BEGIN Excerpted records
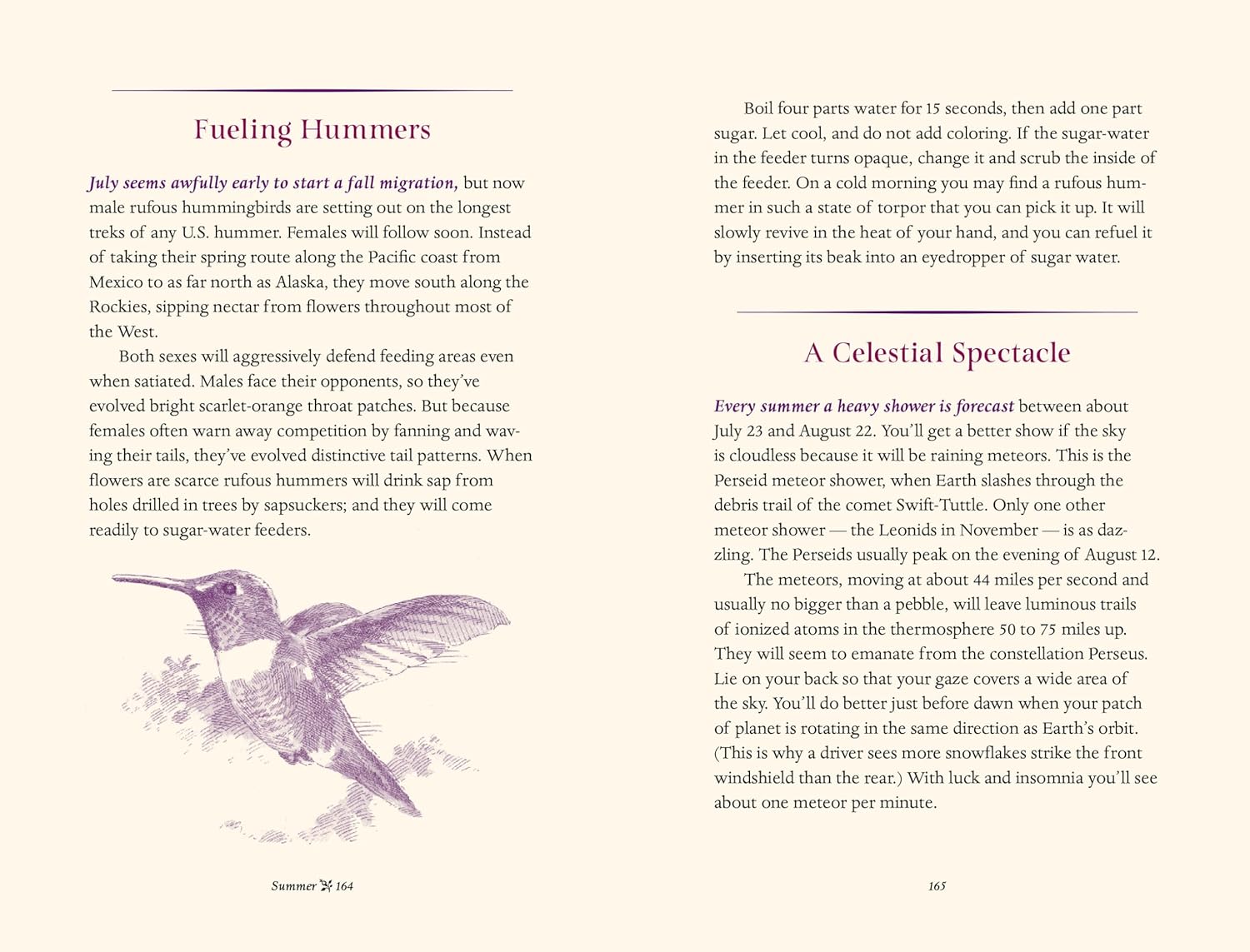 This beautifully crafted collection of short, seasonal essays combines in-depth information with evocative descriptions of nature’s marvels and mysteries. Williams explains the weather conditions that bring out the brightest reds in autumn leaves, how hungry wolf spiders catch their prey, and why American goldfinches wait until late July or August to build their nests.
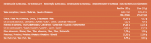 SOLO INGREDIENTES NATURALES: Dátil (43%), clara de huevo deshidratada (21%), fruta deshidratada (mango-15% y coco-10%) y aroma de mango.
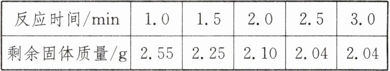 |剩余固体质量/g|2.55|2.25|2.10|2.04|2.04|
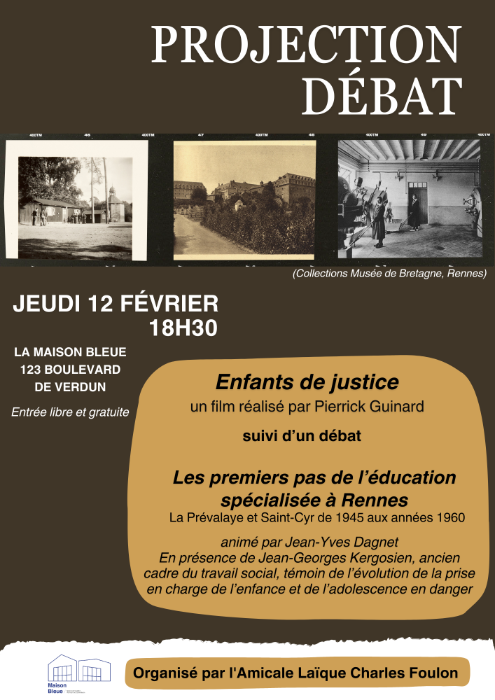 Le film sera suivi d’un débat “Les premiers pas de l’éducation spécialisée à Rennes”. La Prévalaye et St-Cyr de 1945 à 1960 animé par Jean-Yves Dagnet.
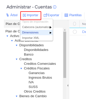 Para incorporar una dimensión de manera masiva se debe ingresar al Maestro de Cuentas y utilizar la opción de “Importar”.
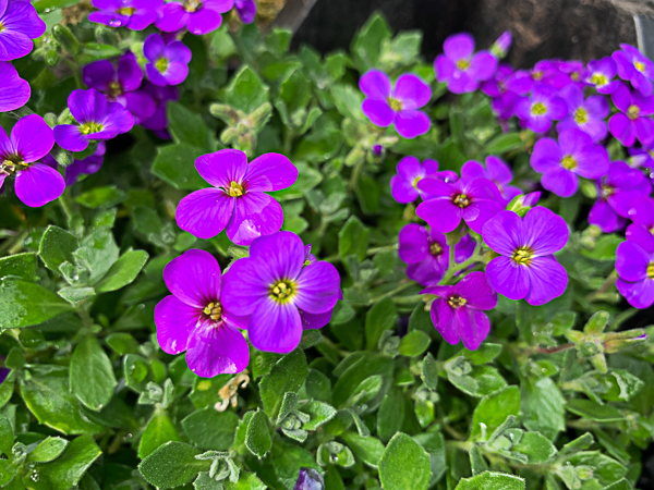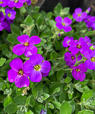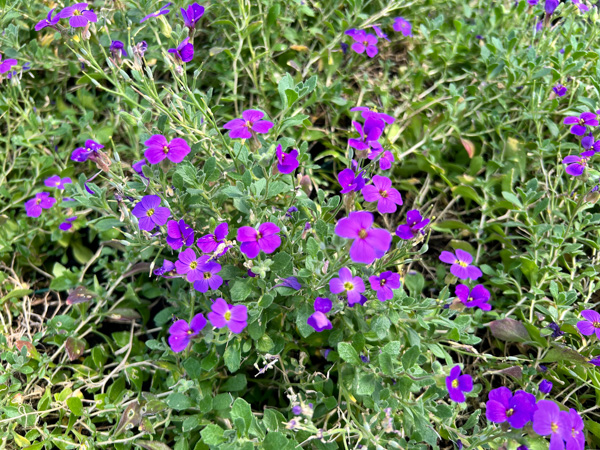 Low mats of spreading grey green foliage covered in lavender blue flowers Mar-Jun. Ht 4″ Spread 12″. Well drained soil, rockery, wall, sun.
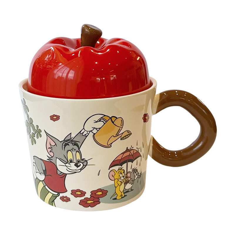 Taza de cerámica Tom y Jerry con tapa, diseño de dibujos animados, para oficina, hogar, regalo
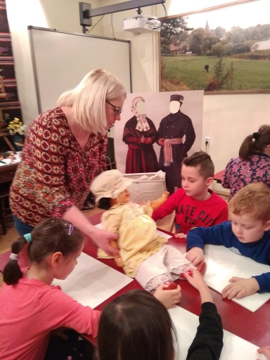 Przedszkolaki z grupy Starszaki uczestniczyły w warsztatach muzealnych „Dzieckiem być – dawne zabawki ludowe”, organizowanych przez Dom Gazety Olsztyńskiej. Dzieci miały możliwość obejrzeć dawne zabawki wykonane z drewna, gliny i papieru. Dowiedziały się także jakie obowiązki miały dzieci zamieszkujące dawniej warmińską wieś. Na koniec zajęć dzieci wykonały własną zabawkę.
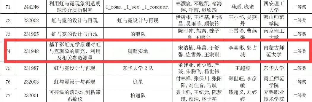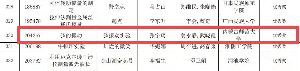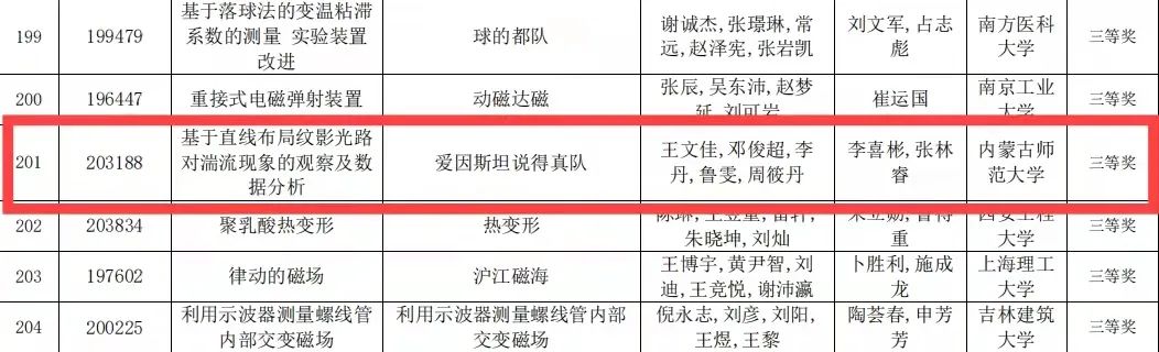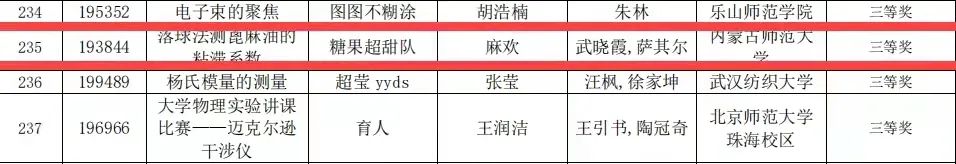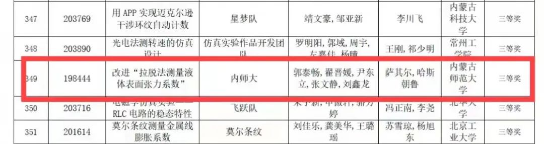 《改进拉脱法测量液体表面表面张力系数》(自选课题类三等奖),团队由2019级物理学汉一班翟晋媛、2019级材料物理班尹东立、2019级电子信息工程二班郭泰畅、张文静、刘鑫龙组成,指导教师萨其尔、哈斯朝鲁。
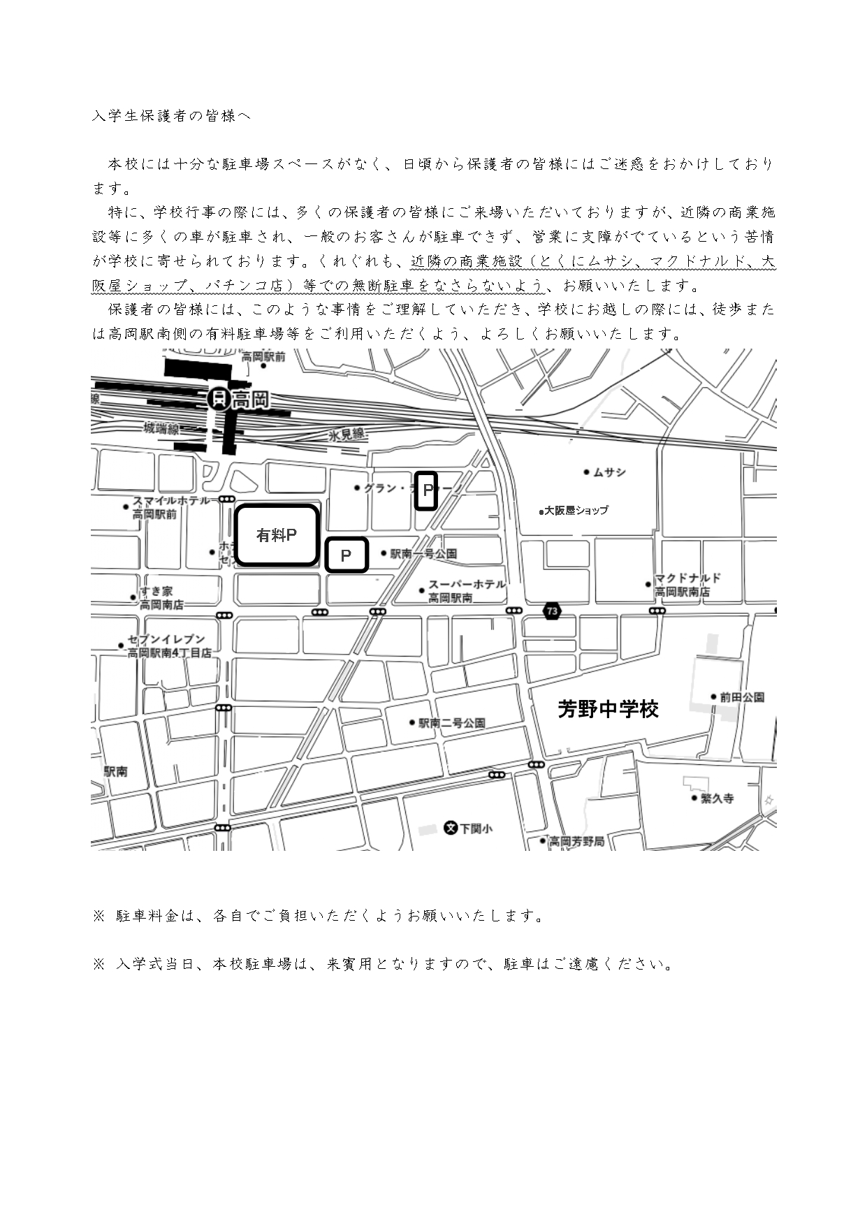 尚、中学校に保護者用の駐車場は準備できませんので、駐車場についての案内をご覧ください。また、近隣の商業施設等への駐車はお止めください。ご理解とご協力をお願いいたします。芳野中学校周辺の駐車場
END Excerpted records
BEGIN Excerpted records
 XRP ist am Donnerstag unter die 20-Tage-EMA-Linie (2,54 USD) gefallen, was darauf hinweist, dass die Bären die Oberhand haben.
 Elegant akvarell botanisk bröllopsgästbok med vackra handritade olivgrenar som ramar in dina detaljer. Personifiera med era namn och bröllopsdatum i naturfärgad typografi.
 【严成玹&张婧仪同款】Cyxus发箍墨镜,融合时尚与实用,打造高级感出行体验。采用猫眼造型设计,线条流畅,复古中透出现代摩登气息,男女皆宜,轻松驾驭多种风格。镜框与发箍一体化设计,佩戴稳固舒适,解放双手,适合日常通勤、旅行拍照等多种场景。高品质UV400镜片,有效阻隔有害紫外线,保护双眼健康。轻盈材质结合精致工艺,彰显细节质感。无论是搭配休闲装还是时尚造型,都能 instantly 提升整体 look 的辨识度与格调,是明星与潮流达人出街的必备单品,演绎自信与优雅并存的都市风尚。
END Excerpted records
**Exercise objective:**
Could you output exactly the lines above, from the line with "Para incorporar una" up to and including the line with "尚、中学校に保護者用の駐車場", and nothing else, skipping the pictures?

**Response to this task:**
 Para incorporar una dimensión de manera masiva se debe ingresar al Maestro de Cuentas y utilizar la opción de “Importar”.
 Low mats of spreading grey green foliage covered in lavender blue flowers Mar-Jun. Ht 4″ Spread 12″. Well drained soil, rockery, wall, sun.
 Taza de cerámica Tom y Jerry con tapa, diseño de dibujos animados, para oficina, hogar, regalo
 Przedszkolaki z grupy Starszaki uczestniczyły w warsztatach muzealnych „Dzieckiem być – dawne zabawki ludowe”, organizowanych przez Dom Gazety Olsztyńskiej. Dzieci miały możliwość obejrzeć dawne zabawki wykonane z drewna, gliny i papieru. Dowiedziały się także jakie obowiązki miały dzieci zamieszkujące dawniej warmińską wieś. Na koniec zajęć dzieci wykonały własną zabawkę.
 《改进拉脱法测量液体表面表面张力系数》(自选课题类三等奖),团队由2019级物理学汉一班翟晋媛、2019级材料物理班尹东立、2019级电子信息工程二班郭泰畅、张文静、刘鑫龙组成,指导教师萨其尔、哈斯朝鲁。
 尚、中学校に保護者用の駐車場は準備できませんので、駐車場についての案内をご覧ください。また、近隣の商業施設等への駐車はお止めください。ご理解とご協力をお願いいたします。芳野中学校周辺の駐車場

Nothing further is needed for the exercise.